Vision Flashcards
What does the optical nerve do?
Carries information to the thalmus, in the very centre of the brain.
Where in the cortex is the visual cortex?
At the back of the cortex
How is information processed in the visual cortex?
The information fans out and is integrated with other signals, from memory and other sensory modalities and other aspects of our cognition.
What side of the brain do signals from the left sides off the retina in both eyes go to?
Right side of the brain
Where is the layer that detects the light in the eye?
At the back of the eye.
What detects light in the eye?
Photoreceptors, these don’t spike, but they convert light into electrical activity
What are the two types of photoreceptors?

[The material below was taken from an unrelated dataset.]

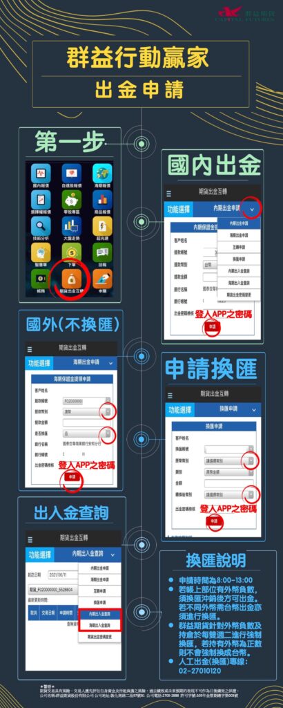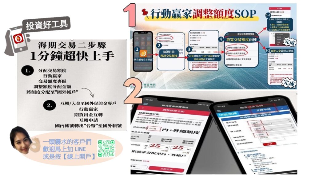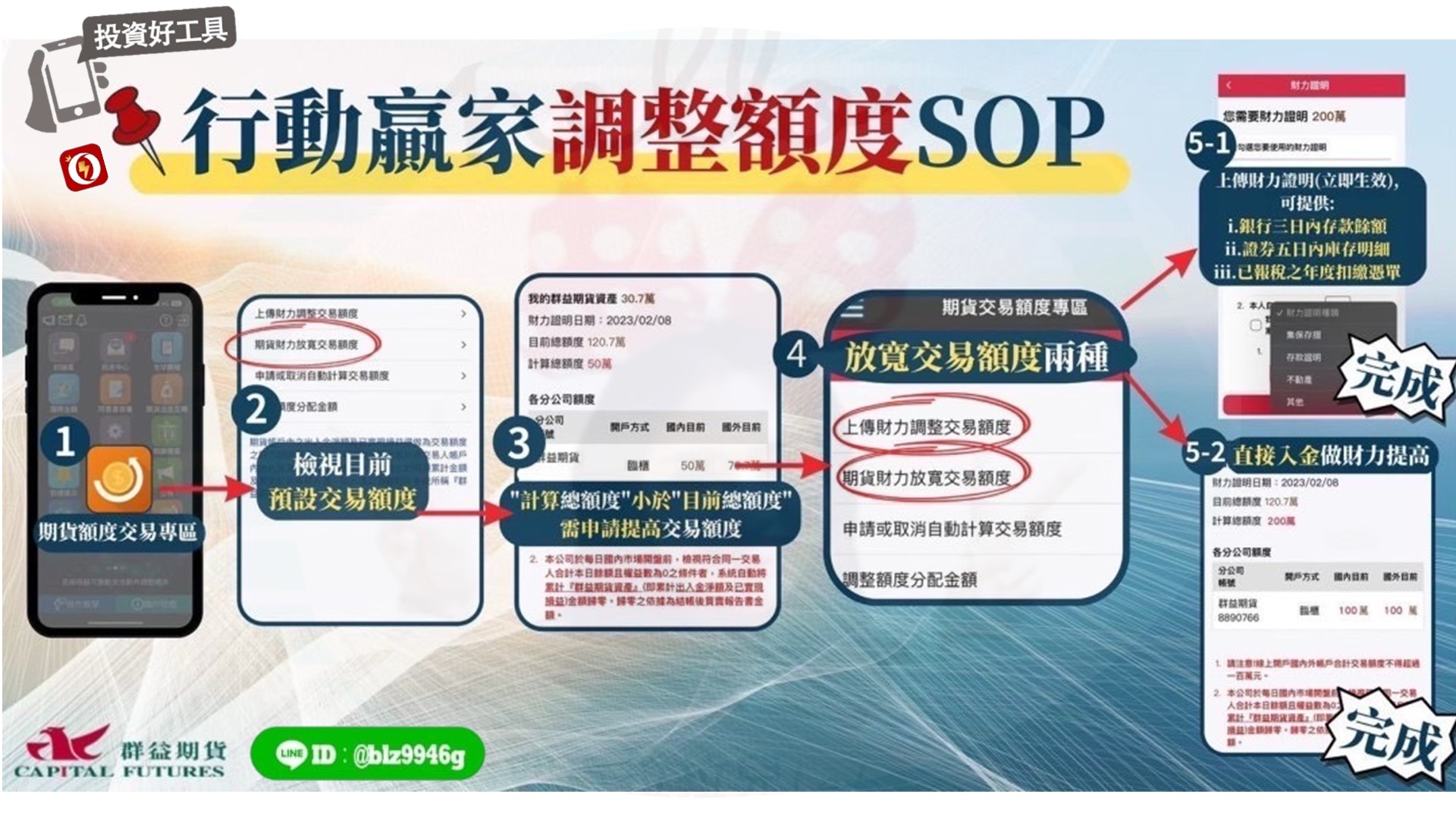 群益期貨常見Q&A 群益行動贏家沖銷明細第一步帳務、第二步内沖銷、海沖銷 第三步選擇區間 群益行動贏家出金申請 行動贏家調整額度SOP投資好工具 行動贏家調整額度SOP 步驟1上傳財力調整交易額度期貨財力放宽交易額度申請或取消自動計算交易額度 步驟2 精度分配金額 步驟3群益期貨開戶方式 國内國外目前50萬”計算總額度”小於”目前總額度”需申請提高交易額度 步驟4放寬交易額度兩種上傳財力調整交易額度期貨財力放寬交易額度申請或取消自動計算交易額度調整額度分配金額 步驟5-A上傳財力證明(立即生效),可提供:.銀行三日内款款额證券五日内庫存明細已報稅之年度扣繳憑單集保存摺、存款證明、不動産 步驟5-B直接入金做財力提高 海外期貨1分鐘快速交易兩步驟1.分配交易額度2.互轉/入金至國外保證金專戶 群益名片卡製作 聯絡諮詢方式 群益期貨曾韋菁|拉拉兒 Line:@695iyzxu 回到首頁 我要開戶 Facebook

Rods: These are important for vision in low light
Cones: Which are responsible for colour vision and important for vision in normal lighting
What do ganglion cells do?
Aggregate activity from a number of photoreceptors, along with the activity from some inhibitory cells in the intermediate layer and their axons from the optic nerve, carrying information to the thalmus.
What are receptive fields?
The receptive field of an individual sensory neuron is the particular region of the sensory space (e.g., the body surface, or the visual field) in which a stimulus will trigger the firing of that neuron.
What is V1?
Primary visual cortex
What cells make up V1?
Simple cell that have edge like receptive fields.
Complex cells
rbar=r0+sum(wij*Iij)
What are the variables?
rbar is the firing rate
r0 is the background firing
wij is the receptive field
Iij is the illumination point in the visual field.
We need to choose __ to minimise the average squared error.
wij the receptive field.
Feature selection firing rate equation?
a_s=sum(w_ij^s*Iij)
Where a_s is the firing rate,
w_ij is the receptive field
Iij is the illumination point
What does the following equation estimate:
Iij=sum(a_sW_ij^s)
Estimates the image using the firing rates.
Reconstructed image may not be equal to the original image and will just be an approximation to it.
Roughy, the _ neurons needed to reconstruct an image, the more of the image each neuron is coding for
Lower. For this to work without having a vast number of neurons covering every possible combination of pixels, the neurons must code for features.
Let I be a image and Ibar be an approximation to the image formed from features.
Ibar is an approximation because the a_s are not just chosen to give an accurate reconstruction, but to do so in a sparse way; theyaare chosen to minimize what equation?
E=sum(I_ij-Ibar_ij)^2+ßsumf(a_s)
First term being squared error between I and Ibar, the second is the intended measure of sparseness.
ß determines the trade off between accuracy and sparseness. If ß is small, the squared error dominates if ß is large the sparseness dominates.
What is the update rule for the features W_ij^S
Wij^s->Wij^S-eta(dE/dWij^s) where eta is the learning rate and E is the average error.